(THE PROBLEM): Everything from the line containing "女明星也并不是都穿裙子,比如" to the end of the listing, both included, should be returned exactly, apart from the pictures.

(SOURCE MATERIAL):
● ● ● ● ●

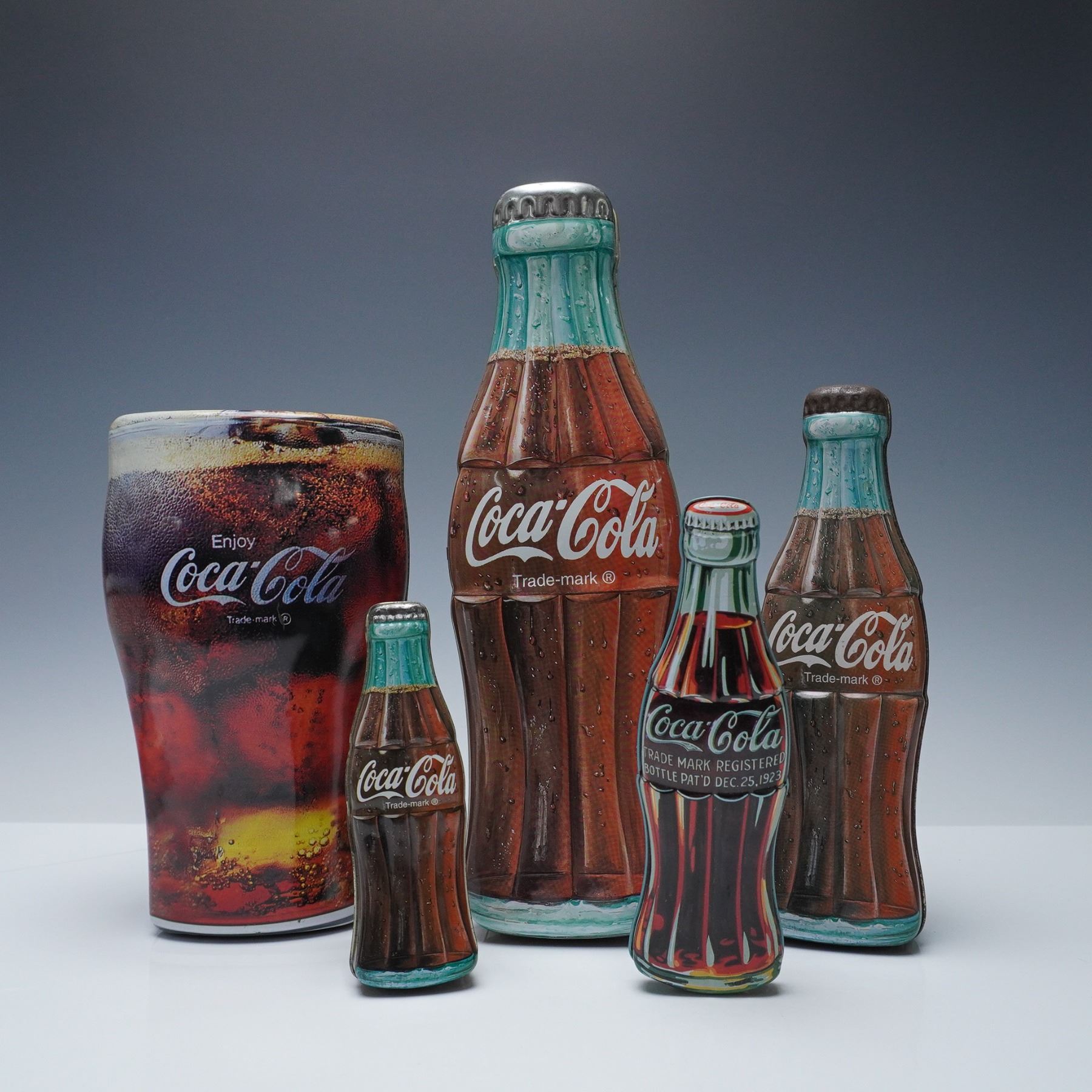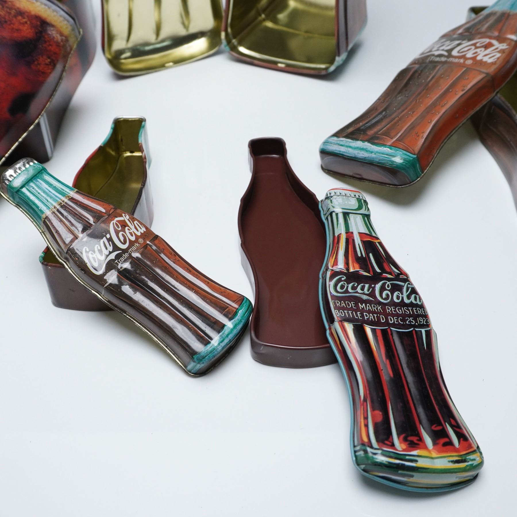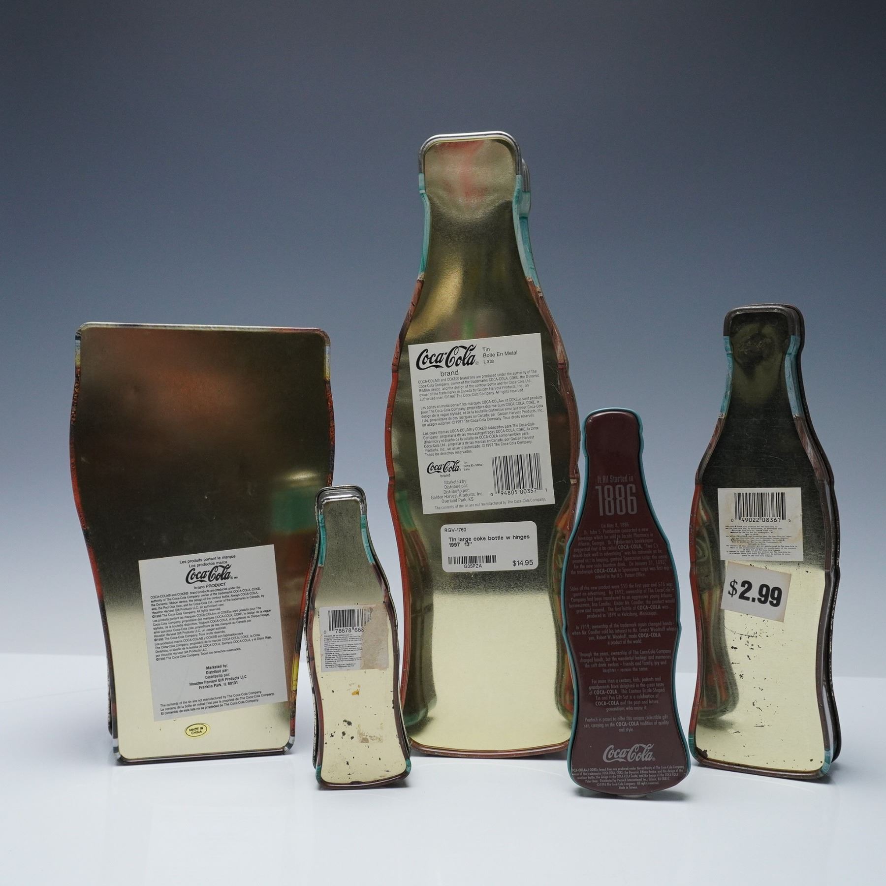 Set of five Coca-Cola themed tin containers, each shaped and printed to resemble vintage Coke bottles or a classic Coca-Cola glass. Includes a range of sizes and designs, featuring detailed artwork with embossed textures and official branding. One tin notes a bottle patent date of Dec. 25, 1923, and others include retro-style branding, with original pricing stickers visible on some. Largest piece measures 4"L x 3.5"W x 13"H.
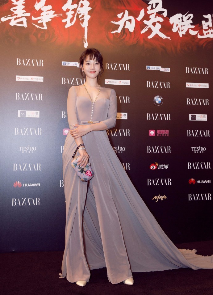 女明星也并不是都穿裙子,比如白百何就穿了条连体裤,来自Georges Hobeika,但是依然有仙女裙的气质,烟灰紫本身就自带浪漫特效。
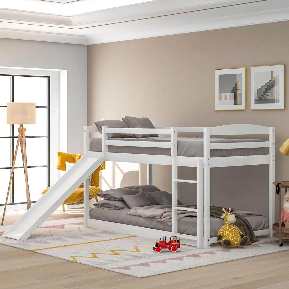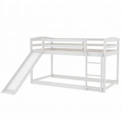 - [Low Bunk Bed with Slide] The unique slide design meets the family members’ game needs.Everyone will love the multifunctional design, it will can turns your living room into a playroom. But easily removes when it’s no longer needed. The slide and the ladder are convertible, both of them can be put left or right.
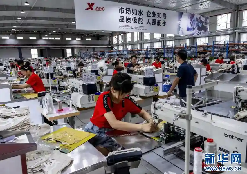 在特步集团的智能运动鞋生产线上,工人们在赶制出口订单。新华社记者魏培全摄

● ● ● ● ●

(FINAL ANSWER):
 女明星也并不是都穿裙子,比如白百何就穿了条连体裤,来自Georges Hobeika,但是依然有仙女裙的气质,烟灰紫本身就自带浪漫特效。
 - [Low Bunk Bed with Slide] The unique slide design meets the family members’ game needs.Everyone will love the multifunctional design, it will can turns your living room into a playroom. But easily removes when it’s no longer needed. The slide and the ladder are convertible, both of them can be put left or right.
 在特步集团的智能运动鞋生产线上,工人们在赶制出口订单。新华社记者魏培全摄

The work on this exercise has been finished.